He lied in parliament about WMD, remember the dodgy dossier?
The Bernie Ecclestone affair.
His expense claims were mysteriously shredded before others were published, odd that Hmm.
Cash for peerages.

I'm sure there's more.

SauceForTheGander · 20/02/2014 11:57

youstay I'd forgotten most of those!

tedmundo · 20/02/2014 12:00

I actually clenched my fist in anger when I heard that extract from RBs email 'Hutton style report'. Well, if nothing else, the world has a new slang expression for a government whitewash eh?

DH and I were in Venice when dr d Kelly news broke and I recall exactly we turned to each other and said as one 'I wonder how they arranged that then?'.

I don't think there will be any comeuppance though, sadly.

QueenStromba · 20/02/2014 12:09

I loved Robin Cook for standing up to Blair, I was really sad when he died.

I was a first year at Uni during the 2005 election and a lot of us in halls stayed up late to watch the election results. We were really hoping that Blair would lose his seat - we all booed when the Sedgefield results came in.

QueenStromba · 20/02/2014 12:10

Oh, and of course Blair had David Kelly killed.

Melonbreath · 20/02/2014 12:12

I want Tony Blair removed to the Hague where he stands trial for war mongering

SirChenjin · 20/02/2014 12:16

Agree - he should be on trial at the Hague and at the High Court for war crimes and murder respectively.

SauceForTheGander · 20/02/2014 12:29

I met a mother of a soldier killed in Iraq. They were a family with a long connection to the British army.
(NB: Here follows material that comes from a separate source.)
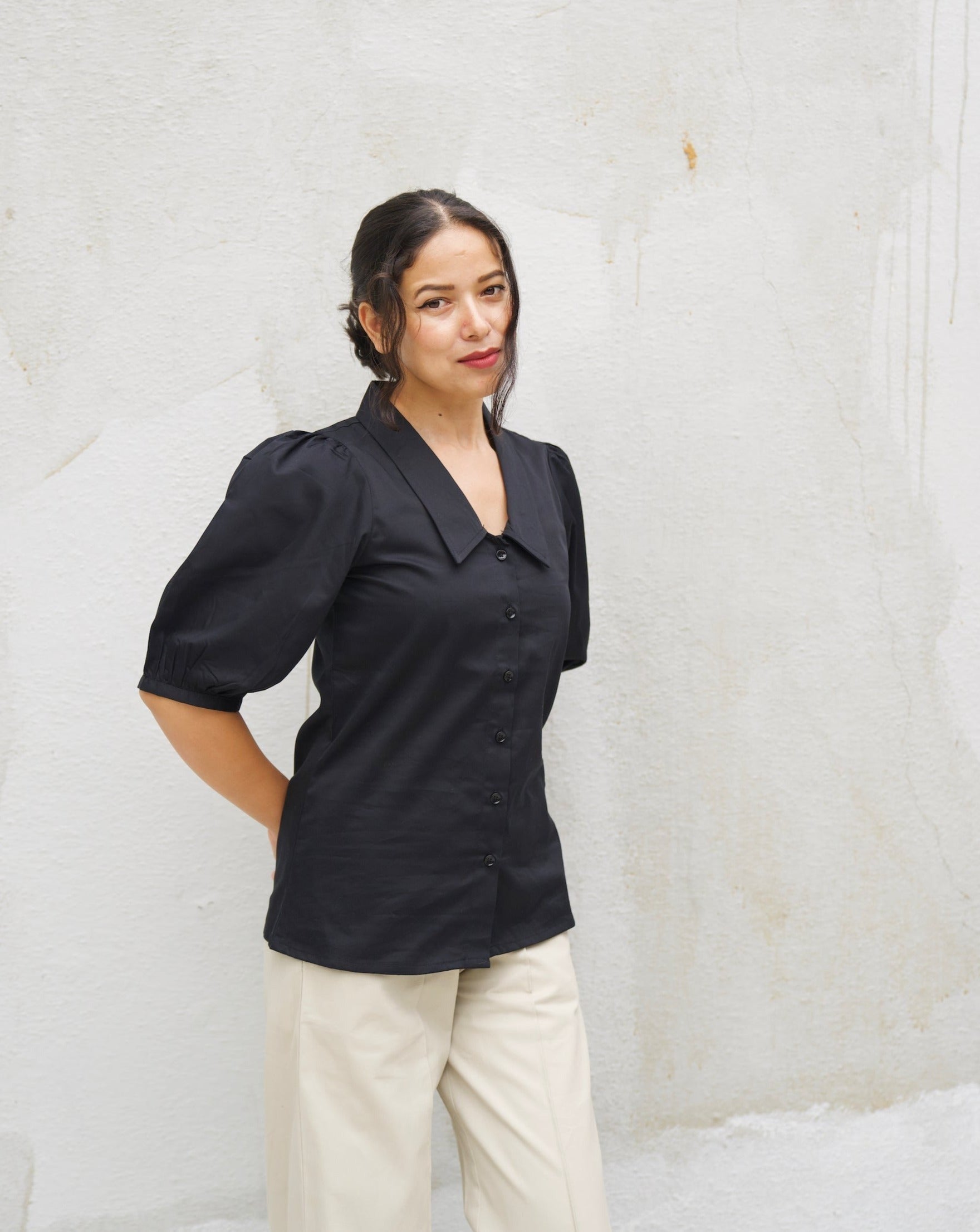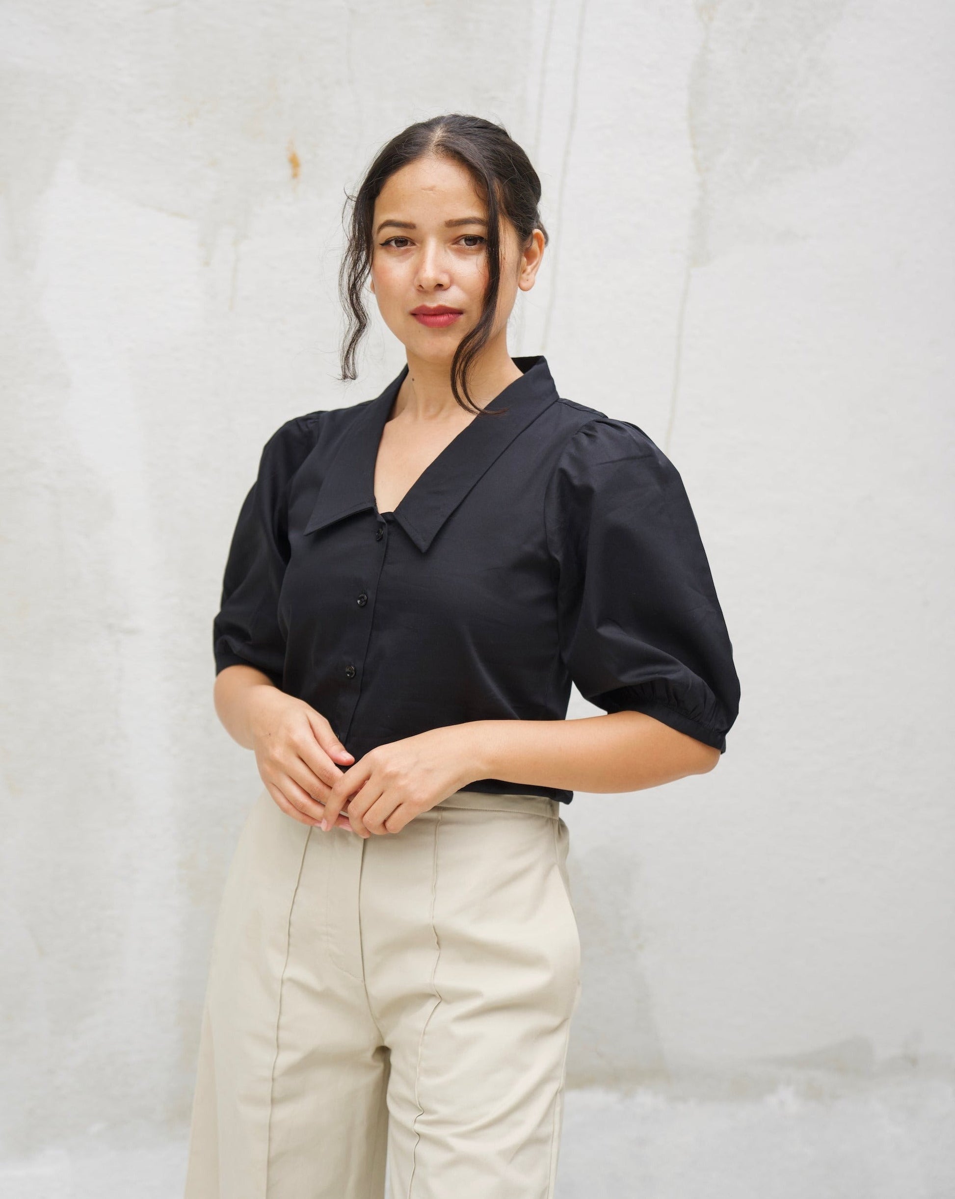 Style Tip: Pairing the shirt with our Flared Pants, a black handbag and minimal accessories will create a power look.
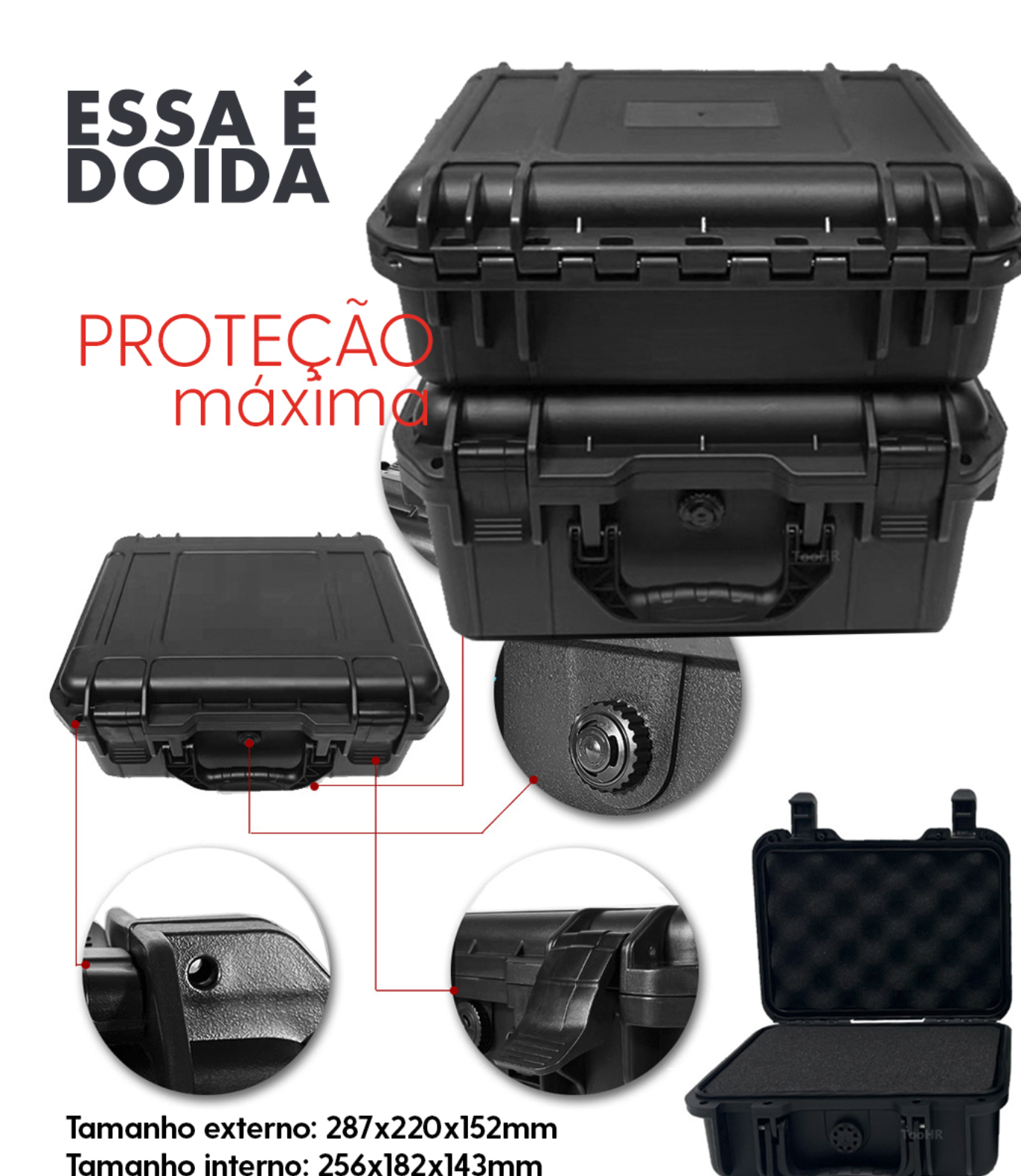 - Design: Compacto e seguro, ideal para o transporte de equipamentos sensíveis

She could not reconcile herself with the fact her son did not have the right protective gear for the work he was expected to do and was killed by a roadside mine. It wasn't just an illegal war - our troops weren't equipped.

Needless to say she was a broken woman and I always think of her when more information comes out about Blair & Brown and their squabbles, power trips and lies.

All those devastated families on both sides - so so awful.

Sallyingforth · 20/02/2014 13:59

I don't believe that Blair directly ordered or requested David Kelly to be killed - he was too smart to leave any sort of trail.
But I do believe that he will have made it clear in the relevant quarter that Kelly was too much of a threat to be allowed to live.

From all that one can read, Kelly was a decent, honourable man who did an honest job for his country to the best of his ability - the very antithesis of the lying, self-serving Blair. I really hope there is a place reserved for Blair in hell.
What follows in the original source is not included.